The book in question is 'Documents From The Battle And The Resistance Of Crete' by George I. Panagiotakis. Apart from the Germaniko Pouli picture, there is lots of documentary evidence of the terrible time that the people of Crete endured during World War II. There are some brutal pictures of Nazi massacres and executions, as well as pictures of the military hardware, innocent Cretan by-standers, and German, Greek and Allied soldiers who fought on the island.

This isn't a romanticised story of what went on during the island, or one person's recollection, but a valuable archive of historical source material. It was published in Heraklion last year, and I'm pleased to see it on the book shelves in Crete.

I've tried to take a picture of the monument as it stands today from a similar angle so that you can see the difference after over half-a-century.


Incidentally, our site has had a couple of comments left by Piper Bill Jenkins, who, at the age of 74, will be visiting the island later this year to pay his respects to both fallen soldiers and the brave civilians of the island.

July 11, 2008

The ghosts of Frangokastello

One of the things that had attracted us to stay at Frangokastello last year was the ghost story attached to the castle. The Hora Sfakian region has always been a thorn in the side to whoever was trying to conquer and occupy Crete, and the fort was originally built by the Venetians in the 14th century, and later used by the Turks.


The most famous rebellion occurred in 1828, when Hadzi Mihalis Dalanis and his 400-strong band of Cretan rebels lost a bloody pitched battle at the fort, but took twice as many Turks with them.
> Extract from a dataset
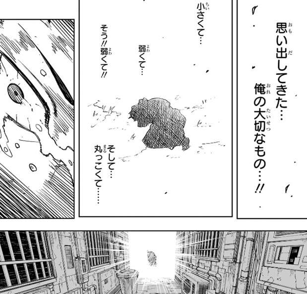 そして、自分の大切なもの、小さくて…、弱くて…、そして…丸っこくて……、と自分の大切なものを少し思い出します。次の瞬間、宗也は何かを見つけると、それに向かって全速力で走っていきます。

On the anniversary of the their deaths - 17th May - the Cretan rebels are said to appear at dawn as misty shapes around the fort, and march into the sea.

Those who don't believe in the superstition believe that the visual effect is caused by atmospheric conditions specific to that time of year, and that the figures that appear are some sort of reflection from the Libyan desert which is across the water from southern Crete.

When we visited it in 2007, we stayed the night of the 15th of May, 2 days before the anniversary. Well, we decided it seemed churlish not to try and spot this effect - which if it was just down to the vague time of year might not be restricted to the 17th itself.

We were staying in the Flisvos apartments, with the sea literally lapping at the foot of our chalet door. Some of the rooms are in a converted old windmill, and we had a room in one of the old out-houses.


We got up at 5am, and sat on the rocks outside our room to watch dawn come up over the Eastern mountains of Crete. And hopefully spot some ghosts.


We did get a little spooked at one point by a small animal running across the rocks near us, which could have been a rat or a weasel, but needless to say, we didn't see any visions. Dawn was, nevertheless, as spectacular as you'd imagine as we huddled together with our little flask of coffee.